- [Exercise prompt]:
Starting with the opening line of the entries below, transcribe each line exactly up to and including the one that has "High gloss formica Umakart ve vysokém lesku"; pictures are not copied.

- [Dataset entries]:
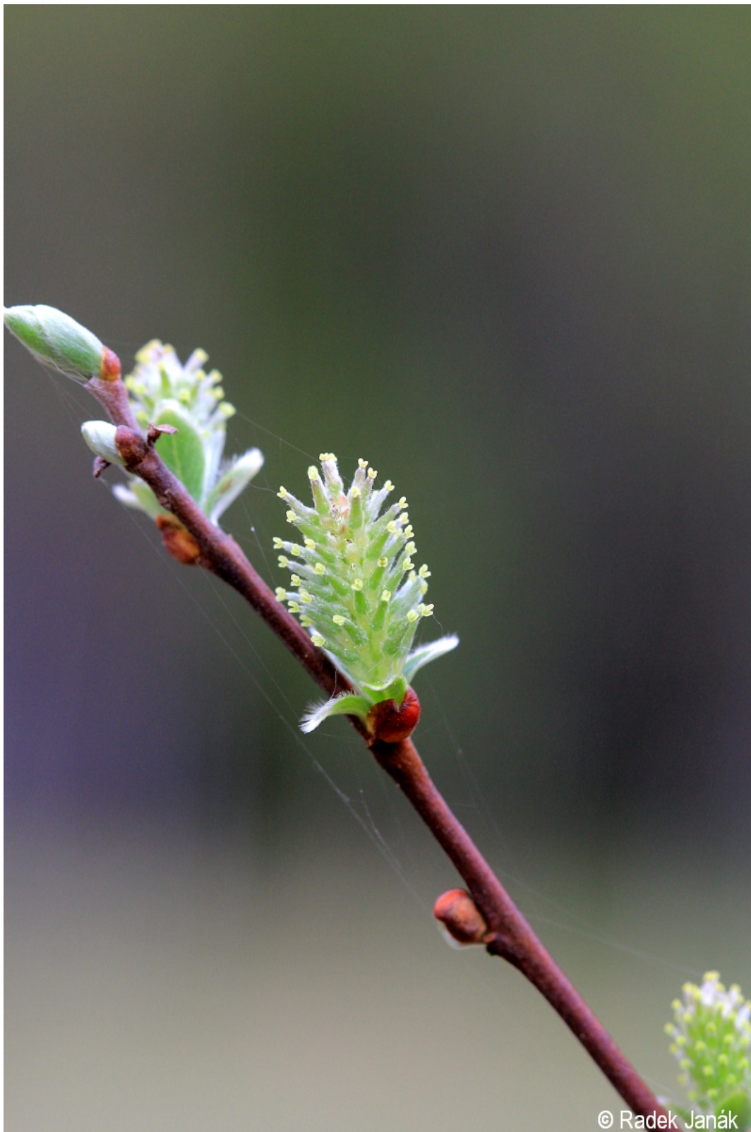
Salix aurita – Radek Janák – Vyšebrodsko.
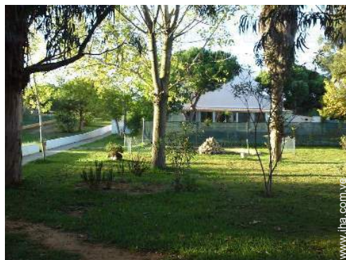
instalación de ocios
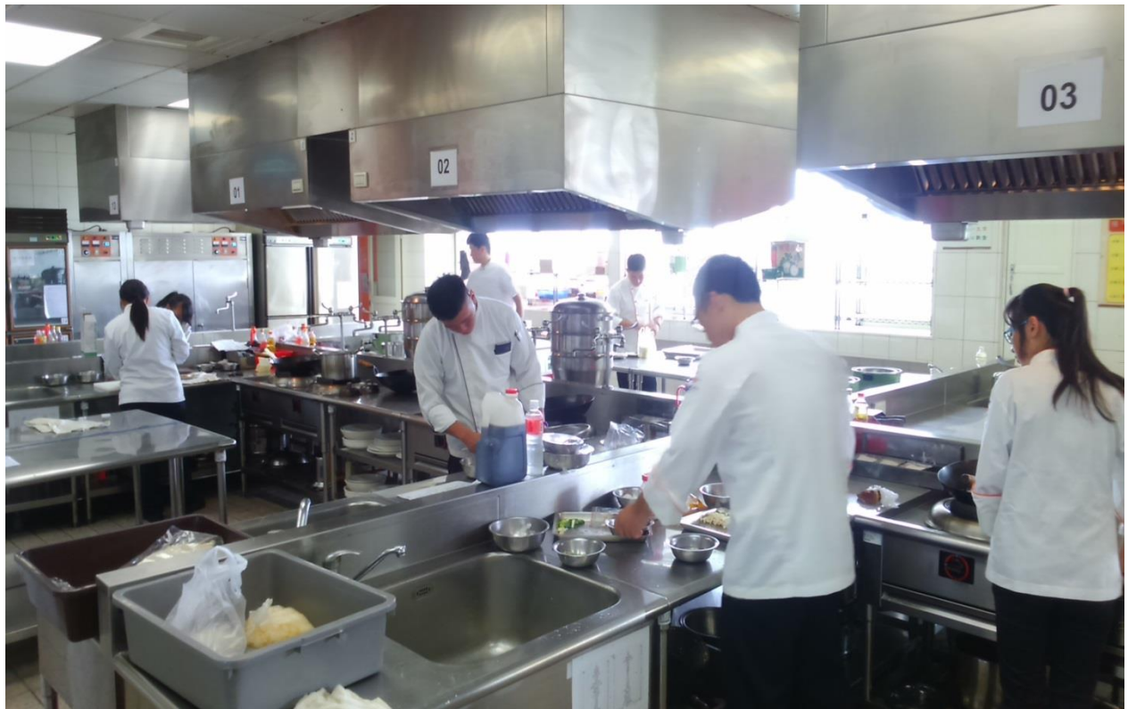
說明：老師帶領學生操作之情形(一)
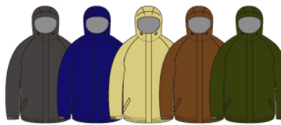
Charcoal Navy Ucon Amber Olive
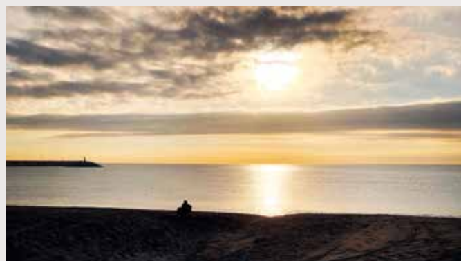
Udsigten over Middelhavet lige ude foran opgangen til lejligheden.

Hold øje med nyhedsbrevet - hvis du ikke er tilmeldt, kan du tilmelde dig på "mitFOA", eller du kan ringe til os, og så klarer vi den.
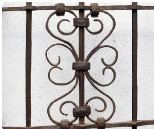
Detalle Reja de Ventana. MHSF 15009.
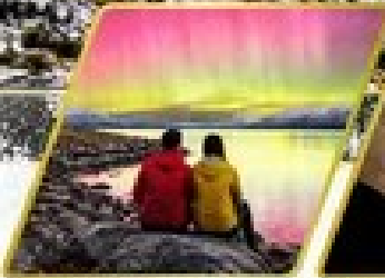
ตามล่าหาแสงใต้
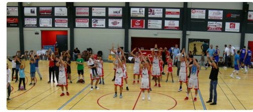
Le traditionnel clapping après la victoire.
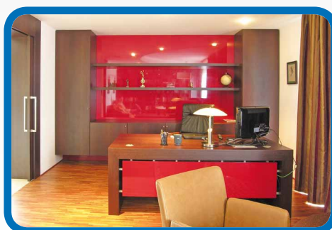
High gloss formica Umakart ve vysokém lesku
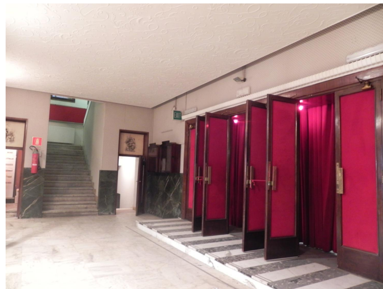
Accesso dal foyer alla sala
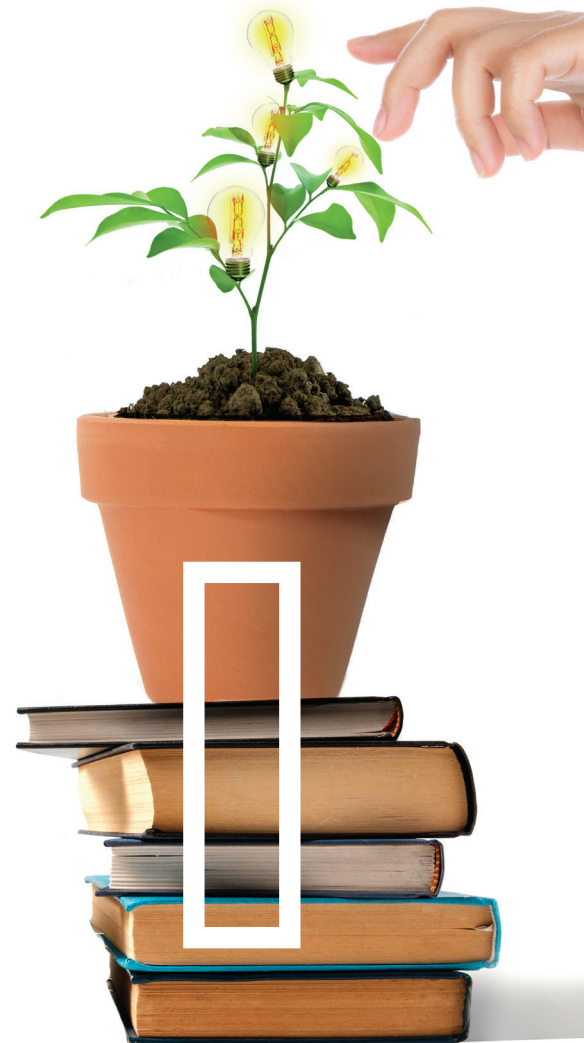
Ilustración: Luis Ángel Velazquez

Para comprender mejor el progreso, es importante mencionar que la Agenda 2030 se presentó en el 2015, y, para el 2021, la universidad ha incrementado el número de personas empleadas, además, a los trabajadores con baja categoría se les han asignado dos o más
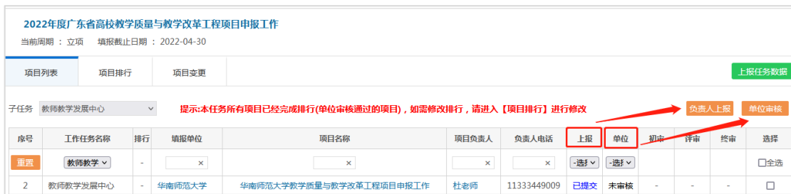
图 7 单位审核
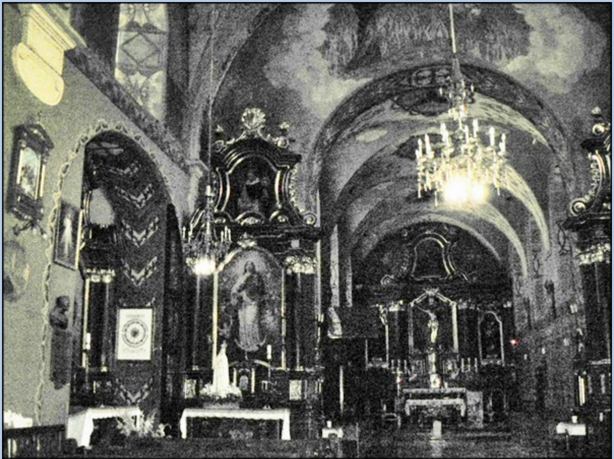
W ołtarzu bocznym znajduje się obraz św. Antoniego, obok wota. Sanktuarium Matki Bożej Łaskawej.
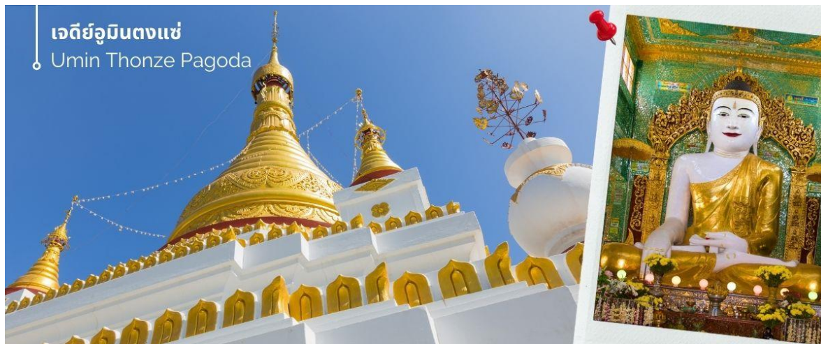
เจดีย์อุมินตงแซ่

จากนั้นนำท่านชม เจดีย์อุมินตงแซ่ ขอพร พระทันใจ (Umin Thonze Pagoda) ตั้งอยู่ที่ตอยสุริยะอุมินตงแซ่ อยู่ทางเหนือประมาณ 1200 เมตร เป็นวัดผสมผสานที่มีชื่อเสียงที่สุดคือ ทางเดินรูปพระจันทร์เสี้ยว ภายในมีพระพุทธรูป 45 องค์ ทางเดินรูปพระจันทร์เสี้ยวทั้งหลังมีซุ้มประดับประดาสวยงามทั้งหมด 30 ซุ้ม หมายถึง ถ้าที่พระสงฆ์หนึ่งสมาธิ ส่วนชื่อวัด อุมิน แปลว่า ถ้า ตงแซ่ หมายถึง 30 ด้าน ด้านข้างทางเดินมีพระวิหารสี่เหลี่ยม ภายในประดิษฐานพระพุทธรูปขนาดต่างๆ กว่าสิบองค์ บนเนินเขาด้านหลังทางเดินยังมีกลุ่มพระอุโบสถและเจดีย์ที่มองเห็นทิวทัศน์ที่สวยงามของภูเขาสุริยะและแม่น้ำอิรวดี

- [Output for this task]:
Salix aurita – Radek Janák – Vyšebrodsko.
instalación de ocios
說明：老師帶領學生操作之情形(一)
Charcoal Navy Ucon Amber Olive
Udsigten over Middelhavet lige ude foran opgangen til lejligheden.

Hold øje med nyhedsbrevet - hvis du ikke er tilmeldt, kan du tilmelde dig på "mitFOA", eller du kan ringe til os, og så klarer vi den.
Detalle Reja de Ventana. MHSF 15009.
ตามล่าหาแสงใต้
Le traditionnel clapping après la victoire.
High gloss formica Umakart ve vysokém lesku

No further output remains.